At the line containing "2021年温州房屋租赁合同范本【标准版】", begin an exact copy, and continue through the last line of the entries below. Leave out any pictures.

**RECORDS**
◇ ◇ ◇ ◇ ◇

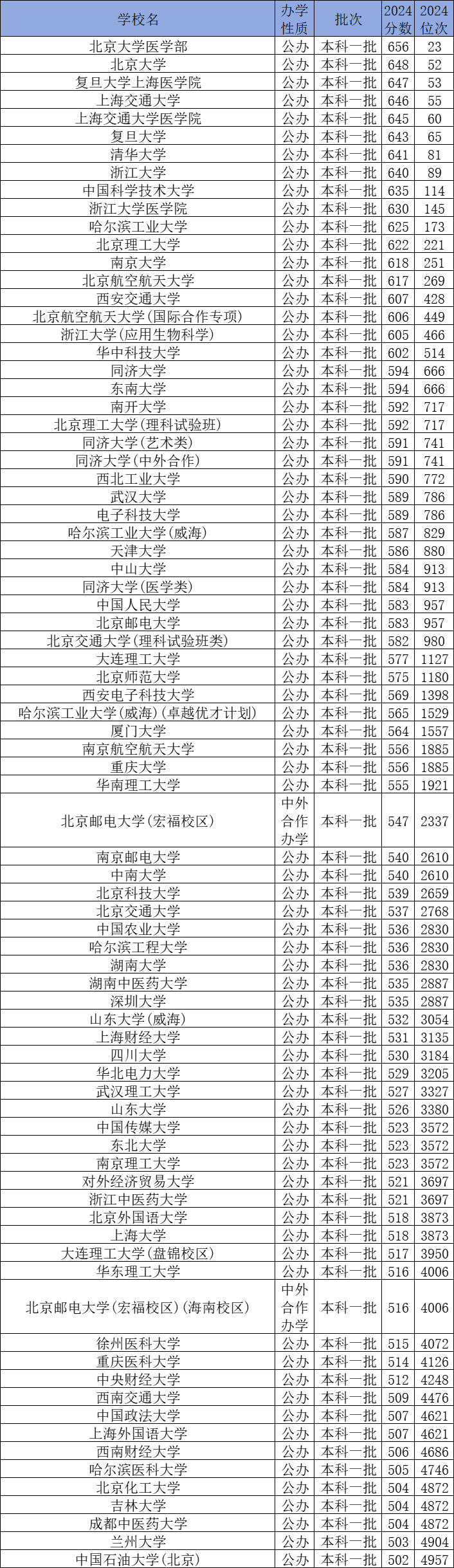 最低位次院校为中国石油大学(北京),2024年录取位次是4957名,录取分数线是502分。
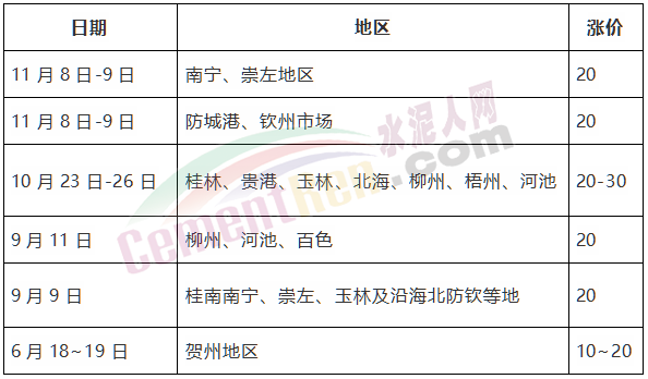 广西区域下半年以来,分别在6中下旬,9月中旬,10月下旬及11月中旬前后四次上调水泥价格,累计上调达90元/吨。极个别企业累计上调100元/吨以上。
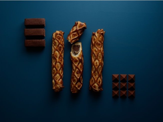 北海道産小麦とバターを730層に織り込んだ、長さ23cmのロングスティックパイ生地に、ルタオ人気No.1チョコレート「ロイヤルモンターニュ」と新千歳空港店限定「ロイヤルモンターニュブラウニー」を組み合わせました。
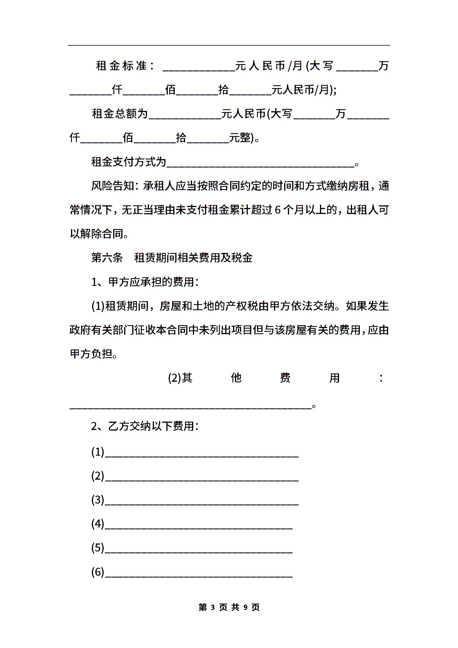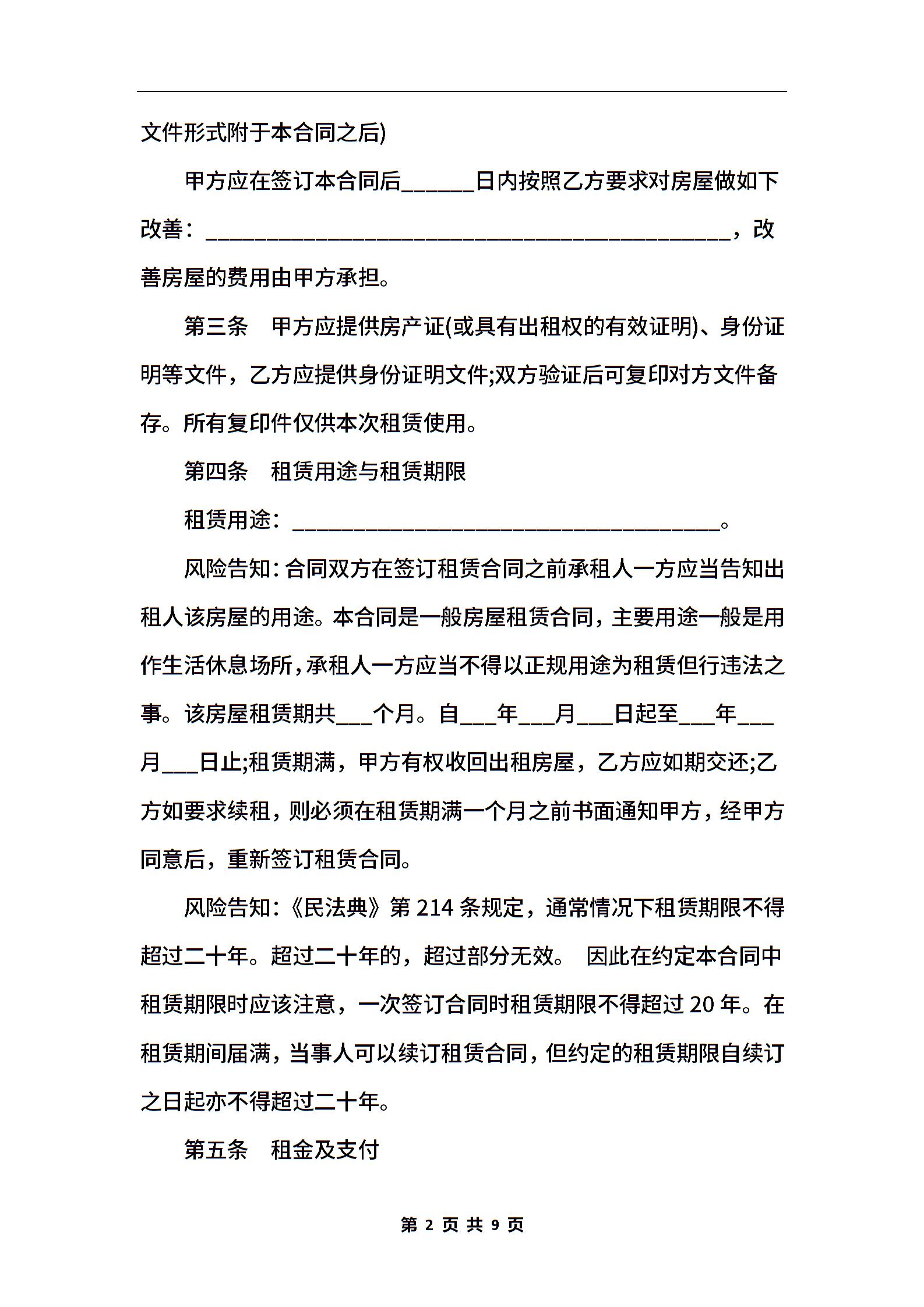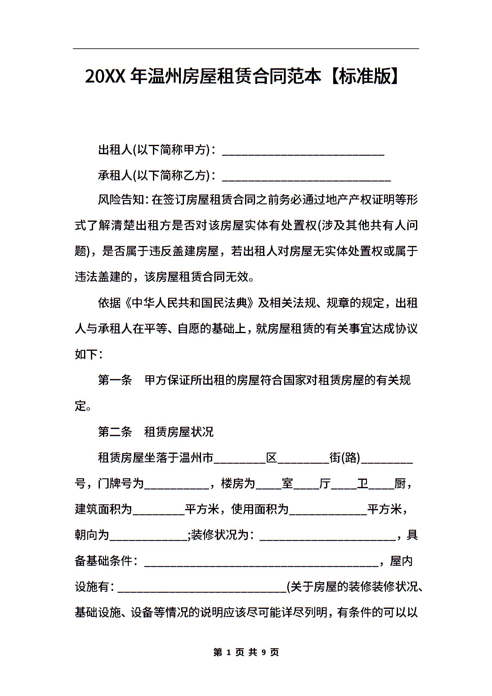 2021年温州房屋租赁合同范本【标准版】
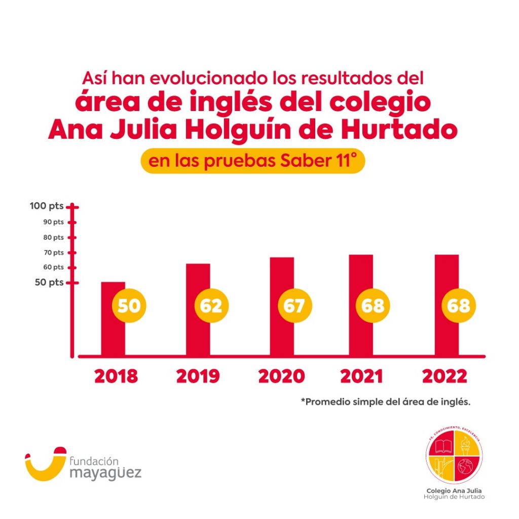 Desde el 2015 que el Colegio Ana Julia Holguín de Hurtado inició su programa de bilingüismo, los resultados en el área de inglés de las pruebas Saber 11° han venido evolucionando. En 2022, el 48% de los graduados obtuvo nivel B1 (intermedio) en inglés.

◇ ◇ ◇ ◇ ◇

**ANSWER**
 2021年温州房屋租赁合同范本【标准版】
 Desde el 2015 que el Colegio Ana Julia Holguín de Hurtado inició su programa de bilingüismo, los resultados en el área de inglés de las pruebas Saber 11° han venido evolucionando. En 2022, el 48% de los graduados obtuvo nivel B1 (intermedio) en inglés.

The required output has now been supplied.